## Description of the task
From the line that contains "Envoyez par email" down to the last line of the data below, restate every line word for word, skipping any images.

## Material for the task
————
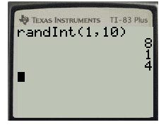 â—¦ For column 1, Press 5:randInt( and enter 1,10). Press ENTER. Record the number. Press ENTER 2 more
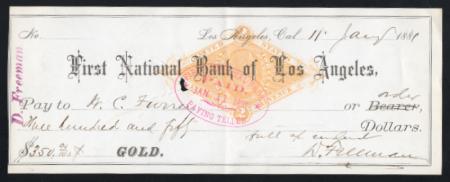 Scott RN-G1. Los Angeles, California. First National Bank of Los Angeles, D. Freeman bank check. 1881. Black on white. Gold. Used, VF
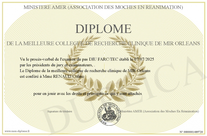 Envoyez par email votre Diplôme de la meilleure collègue de recherche clinique de MIR Orléans personalisé
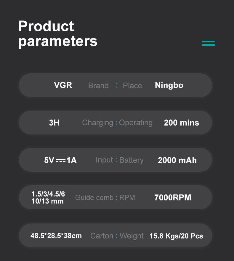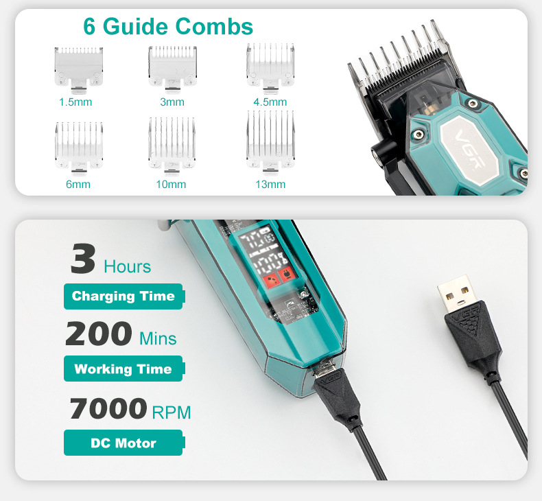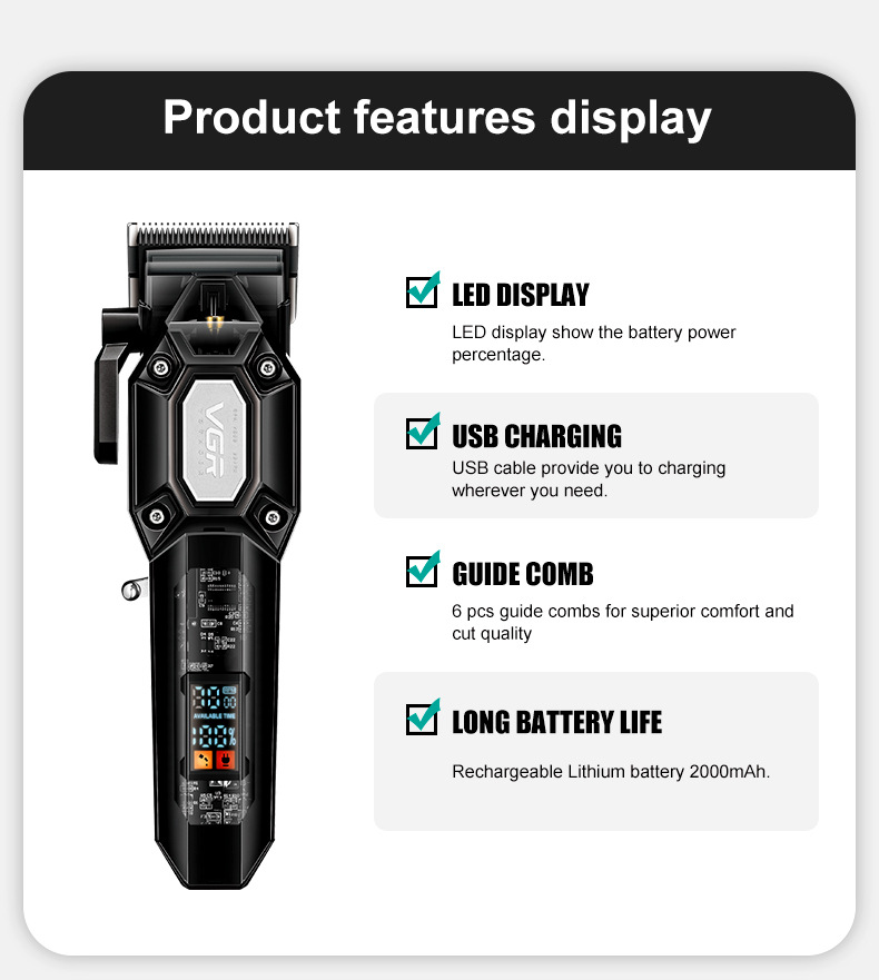 VGR600 국경 전기 헤어 클리퍼 남성 LCD 디지털 미용실 클리퍼 충전 고출력 전기 클리퍼
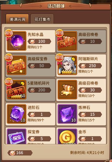 优先考虑5个超值商品(很多时候,活动材料不够,兑换不完的)(我最富那次也就才点了超值,卷子,探宝,其他4项没点多少)
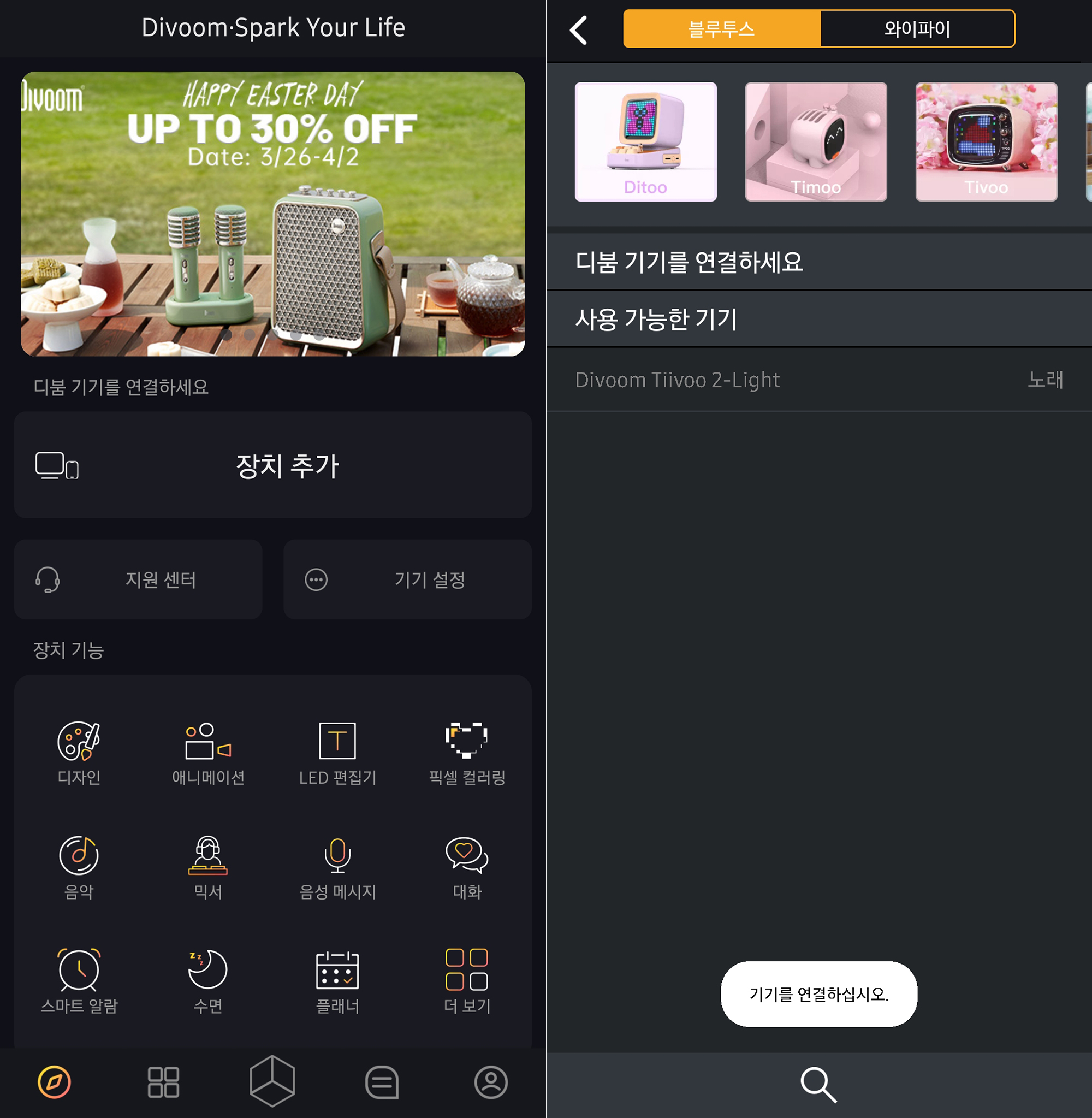 스마트폰과 디붐 티부2(Tiivoo-2) 블루투스 스피커의 페어링 방법은 간단한 편인데요. 디붐 앱을 실행시킨 후에 중간에 배치된 장치 추가를 눌러서 Divoom Tiivoo 2-Light를 선택해 주면 됩니다. 연결 과정 자체는 아주 어려운 부분이 없습니다.
————
## Exercise solution
 Envoyez par email votre Diplôme de la meilleure collègue de recherche clinique de MIR Orléans personalisé
 VGR600 국경 전기 헤어 클리퍼 남성 LCD 디지털 미용실 클리퍼 충전 고출력 전기 클리퍼
 优先考虑5个超值商品(很多时候,活动材料不够,兑换不完的)(我最富那次也就才点了超值,卷子,探宝,其他4项没点多少)
 스마트폰과 디붐 티부2(Tiivoo-2) 블루투스 스피커의 페어링 방법은 간단한 편인데요. 디붐 앱을 실행시킨 후에 중간에 배치된 장치 추가를 눌러서 Divoom Tiivoo 2-Light를 선택해 주면 됩니다. 연결 과정 자체는 아주 어려운 부분이 없습니다.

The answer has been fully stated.